Thursday, 3 December 2015

December songsters

It is not unusual to hear bird song in December. Robins and Goldfinches sing year round, Wrens will burst into song at any time. Do Starlings ever stop singing? I don't think they do.  Collared Doves and Stock Doves, after a short rest at the end of their breeding season, can now be heard calling again.
 In sunny winter days, Song Thrushes will start singing, maybe more towards January.
Wren in full song in October
Collared dove singing a couple of days ago.
Starling singing yesterday
 Today I heard two bird species singing, however, which I've never heard singing at this time of year. This morning I heard distant fluting phrases that sounded like a Mistle Thrush. I went to investigate and there it was, a Mistle Thrust atop a tree, singing contentedly.

 Blackbirds, normally will sub-sing in the winter. This is an eery, very quiet song, that usually subadult individuals carry out, as if 'practising' singing, well hidden in bushes. But as I was leaving work today, as it happened last week, I heard the surreal full song of a blackbird, its beautiful notes raising over the cacophony of the Carrion Crow roost at campus, and transporting me into spring. I had to check this out. There it was a full adult male Blackbird was singing from a wall. Given that it was quite dark at 16:15, the photo on top was the best I could manage without using the flash, but I recorded a short video of it.

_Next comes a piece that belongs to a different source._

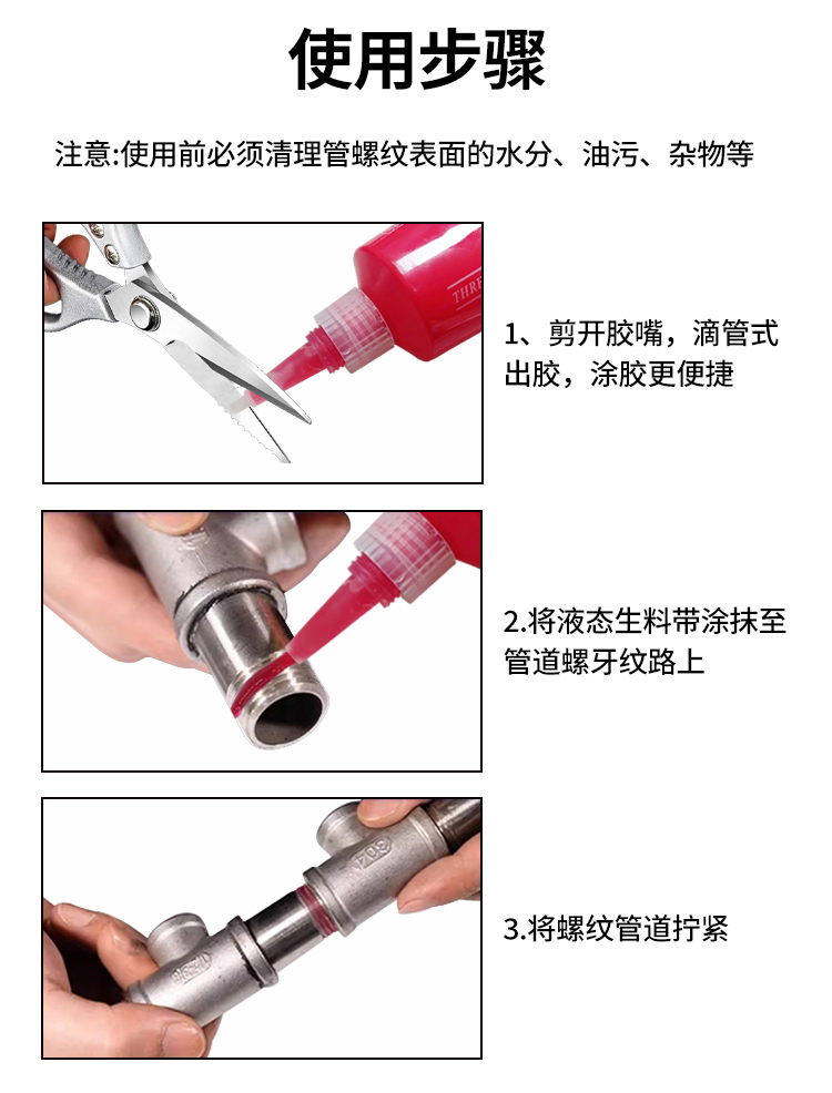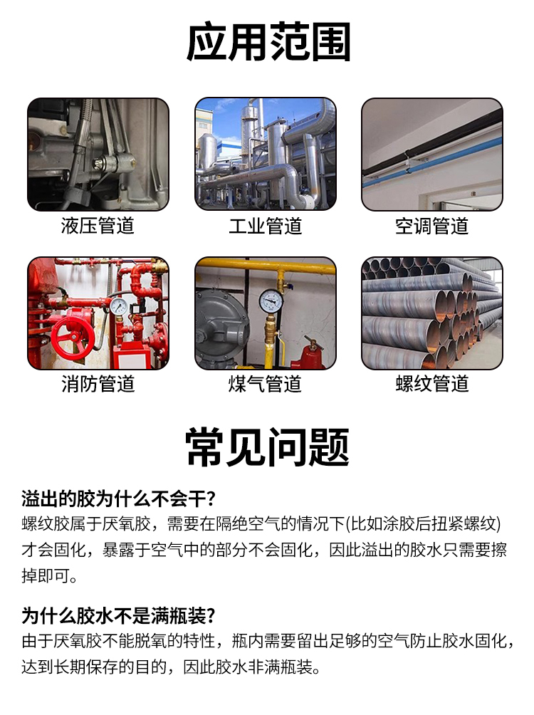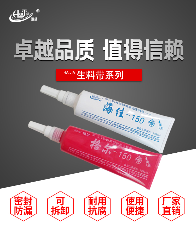 液態(tài)生料帶特性:是以進口材料為主原料的厭氧型密封膠,該產品在低密度聚乙烯瓶內由于與氧(空氣)充分接觸使膠液保持穩(wěn)定,固化物具有粘接強度高、密封性好、耐腐蝕、耐高溫、耐老化等特點取代傳統(tǒng)的PTFE膠帶和密封膠,只在螺牙內缺氧固化,不會堵塞.

A very very unusual thing to happen in early December. I wonder if the unseasonally mild weather we are having is confusing this normally spring songster.


  1. What a treat to hear the Blackbird in full song. Also, how nice to read a new post from you Africa.
    Enjoy your weekend.

  2. Thank you Toffeeapple, it's been a while! I must get to write in The Rattling Crow more, I have been paying too much attention to BugBlog.

  3. Very glad to see you posting again -- I always enjoy your blog and its insights. A Mistle Thrush has been singing here in Kensington Gardens during sunny spells in the past few days. We quite often hear Song Thrushes singing in winter, but Mistle Thrushes are far more unusual. As you said, it's probably due to the mild weather over the past few days.